Quick Takes: Colleges Prepare for Gustav, Why Harvard Is Examining Its Police Force, Keg Photo Ends Presidency, Central Ark. President Quits, Carnegie Mellon Prof Gets 3 DUI Charges in 8 Days

August 29, 2008
  • Many Louisiana colleges are closing early today and some are planning to stay closed until next Wednesday or Thursday to encourage students and employees to evacuate in anticipation of Gustav landing in the state. Delgado Community College is ending all classes at noon today and hasn't yet decided on a schedule for next week. Loyola University New Orleans is requiring students to evacuate the campus tomorrow. Xavier University of Louisiana will close at noon today and classes will not resume until Thursday. Southern University at New Orleans is shutting down at noon today, but hoping to resume classes on Tuesday. McNeese State University is advising professors to take important materials with them when they leave work today. Tulane University is planning to close at noon today, to re-open business operations Wednesday and to resume classes on Thursday.
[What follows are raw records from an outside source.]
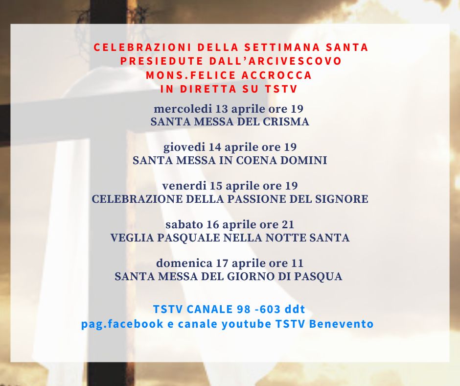 L’Ufficio liturgico della diocesi comunica il calendario delle celebrazioni, che saranno presiedute in Cattedrale dall’arcivescovo mons. Felice Accrocca e trasmesse in diretta dall’emittente Telesperanza canale 98 e 603 del digitale terrestre oltre che sul canale youtube e sulla pagina facebook dell’emittente.
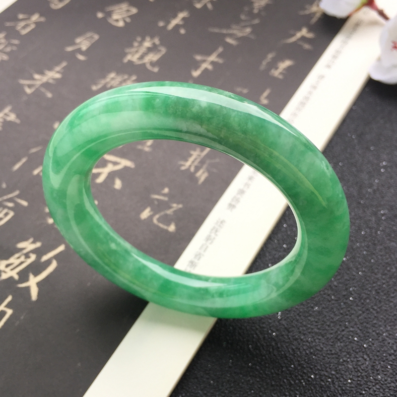 • [名  称] 55mm糯冰种翠绿翡翠圆镯
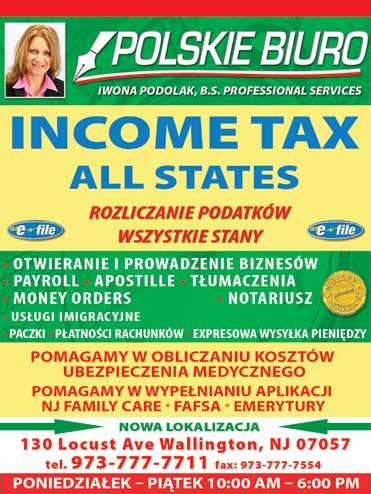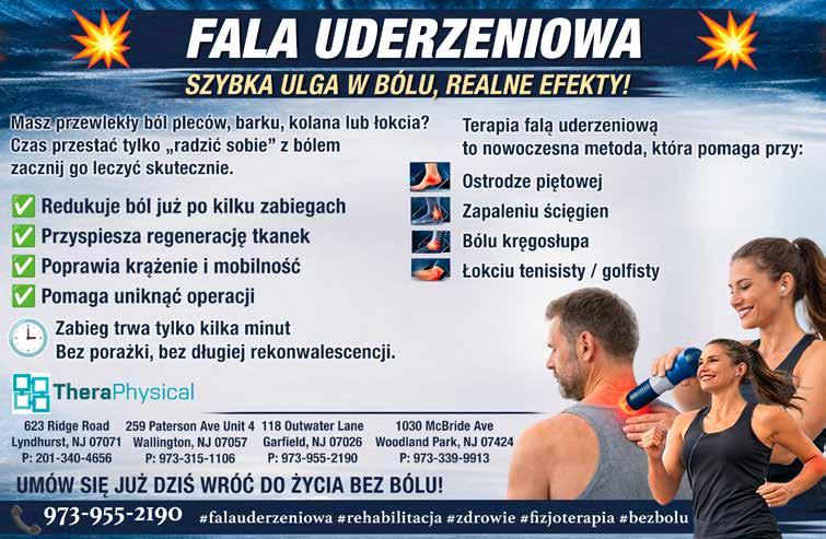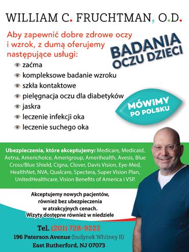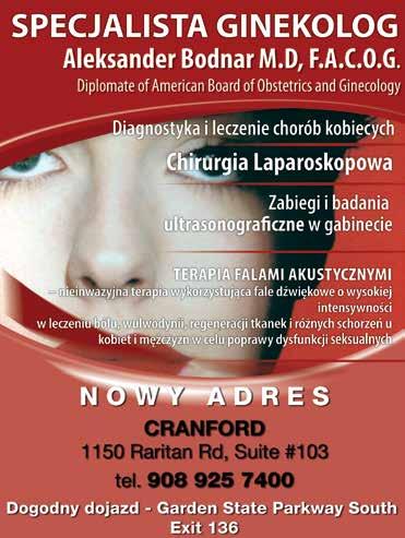 AMERICAN BOARD-CERTIFIED PHYSICIANS SPECIALIZING IN INTERNAL MEDICINE, ENDOCRINOLOGY, NEPHROLOGY & HYPERTENSION CHOROBY WEWNĘTRZNE • NADCIŚNIENIE • SZCZEPIENIA • LECZENIE POWYPADKOWE SCHORZENIA REUMATYCZNE • CUKRZYCA • LECZENIE NADWAGI • USG I BIOPSJE TARCZYCY • LECZENIE NIEWYDOLNOŚCI SEKSUALNEJ • CHOROBY NEREK I DRÓG MOCZOWYCH • DIALIZY • BADANIA IMIGRACYJNE • OPIEKA PO PRZESZCZEPACH NEREK I WĄTROBY 1033 CLIFTON AVE, SUITE 108 in CLIFTON Tel: 973-577-1995 (WSZYSCY LEKARZE) 515 N. WOOD AVE, SUITE 201 in LINDEN Tel: 908-934-0091 (DR. NOWAK i DR. SERRAO) 515 N. WOOD AVE, SUITE 302 in LINDEN Tel: 908-925-3300 (DRS. CZYZEWSCY i EDYTA KOLBUSZ)

  • An article in The Boston Globe examines a series of complaints from black students about their treatment by the Harvard University police force. Complaints about being singled out -- made by black students and professors alike -- led the university earlier this week to announce it was studying its police force and the training and outreach programs it has to work with a diverse population.
  • Robert Paxton is stepping down as president of Iowa Central Community College, following an uproar over a photograph showing what appears to be Paxton helping to pour beer down the throat of a young woman, The Des Moines Register reported. While Paxton originally denied doing anything wrong, many in Iowa criticized his conduct with the young people seen in the photo.
  • Lu Hardin announced Thursday that he is leaving the presidency of the University of Central Arkansas September 16, Arkansas Business reported. Hardin cited health reasons, but acknowledged a controversy in which the university's board has been widely criticized for giving Hardin, secretly, a $300,000 bonus. While Hardin repaid the funds, criticism of the incident did not go away.
  • It hasn't been a good month for Carnegie Mellon University's H. John Heinz III School of Public Policy and Management. First, its dean quit following reports that the school had inappropriately awarded a degree to someone who hadn't completed requirements for a master's degree. Now, a previous dean who is now a professor, Jeffrey Hunker, is at risk of going to jail after being arrested for drunken driving three times in eight days, The Pittsburgh Post-Gazette reported. Hunker and Carnegie Mellon both declined comment.